With this method it's possible to render at any display rate without affecting the simulation:
As you can see with 120fps you just need to do more samplings to the logic steps while the simulation remains unaffected. Everything would behave the same regardless of framerate, just like when testing. There would be no unexpected behavior like tunneling on untested framerates since the simulation is always the same. And like variable timestep, CPU usage is matched to the framerate and can even be smaller since it doesn't need to step the logic at every rendered frame. This means it can use less battery, make phones cooller, and significantly increase the headroom to do interesting stuff with the CPU.
What I don't really get about this is if you only step the game at 30 Hz, there is nothing new to draw in between logic frames.
...I think some devs propose a "lite" step in between which just advances motion without doing anything else, but this worsens tunnelling problems (new scenario: object actually seen colliding, but no collision registered!), and could still use a bunch of CPU e.g. if it's a large physics game.
This is were the debate about interpolation vs extrapolation comes in. With interpolation you get a very smooth result, but it comes at the cost of rendering with up to 1 logic step of delay. Since you need to know the next logic step to do a proper interpolation with the previous step, you delay the render until the next step is available. This adds a bit of latency to input vs feedback. For a logic step of 30fps the latency is about 33ms, for 45fps 22ms, for 60fps 16ms (it actually looks like this on a timeline). But it should be fine for most games since according to Wikipedia the average input latency for games is 133ms, 67ms for quick action games. If a game needs a faster input response one can just increase the rate of the logic step.
The other option is extrapolation, which is basically using the past steps to try to guess the future. It doesn't have the downside of latency but it adds a bit of imprecision to the perceived movement. For instance, a fast moving object may seem to overlap another solid for a fraction of a second before moving to it's true just-touching position. Or an object that changes direction constantly may drift a bit from it's real position on the simulation. However this has no influence on tunneling since it only affects the display position not the game simulation. What collides in preview should also collide in any framerate. It may cause the perception of some objects colliding but not registering though (when passing close on a curved motion).
A third option is combining the two to get an average of the benefits and compromises of both. Like you could delay only half logic step, using extrapolation for the first half step (while the future logic step is not available) and interpolation for the other half step (after the new logic step is available). This would result in half latency with a bit of drifting. It's even possible to transform this into a slider that goes from full interpolation to full extrapolation with proportional steps in between.
The thing is, depending on the game one solution may be preferred to the other.
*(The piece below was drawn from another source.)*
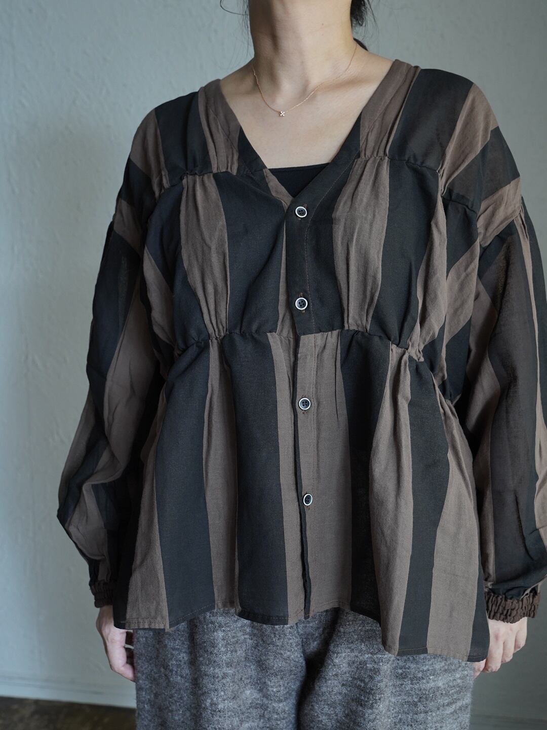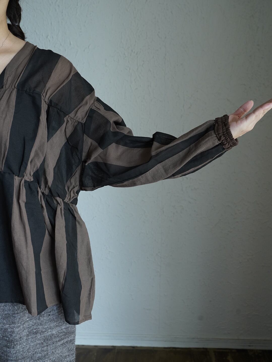 ESTROISLOSE シースルーストライプコットンペプラムシャツ EB25323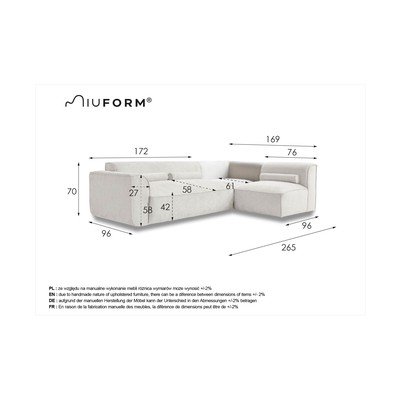 Pravý roh/do LTmavě šedáČtyřmístnáŠířka 265 cmHloubka 169 cmHloubka sedáku 58 cm

In my view interpolation is superior, but having an option to switch between the two is feasible.
And don't forget on weak systems fixed-step games go in to slo-mo instead of stepping further to compensate.
That's true, but speaking as a developer I prefer the game to go on a slo-mo in too weak systems than objects going through walls or jumping different heights. Although if my game was failing to run at a decent speed on my target devices I would probably adjust the logic step rate to accommodate those weaker systems and avoid any slo-mo.
If desired it's also possible to still use an integer dt in those cases to step the logic only once. Like if the logic needs to step 2 times in a render frame, you set dt to 2 and step once. The result would be much more stable than a dt that varies every frame with complex fractions.
However I would still prefer the game to step twice the logic instead of using dt, simply because it makes things more deterministic and easier to deal with. After all most games are limited by rendering and not by logic, so stepping the logic more than once in a slow frame should not add too much overhead.
For example even with fixed steps, you can never assume your platform behavior will land at Y = 100, because floating point errors (literally occurring in the CPU circuitry) mean it will probably land at something more like Y = 99.9999999978.
The main advantage of a fixed step is that the behavior will always land at the same height regardless of framerate given the same input conditions, while with a variable time step you can't ensure that. It's less about the math being 100% correct and more about the movements being predictable. The same maximum jump height you get when previewing at 60fps, you will get at any framerate. And with new displays increasing their refresh rate there's a chance the drift (when using variable timestep) will tend to get worse, as exemplified in the previous link I posted.
So I still find this may be a better solution than the current variable timestep. It adds a bit of overhead due to the interpolation but overcompensates by not having to execute the logic at every rendered frame and by being able to run the renderer in parallel. And as a bonus solves other problems like unpredictable tunneling, nondeterminism, and the difficulty of begginers in dealing with dt.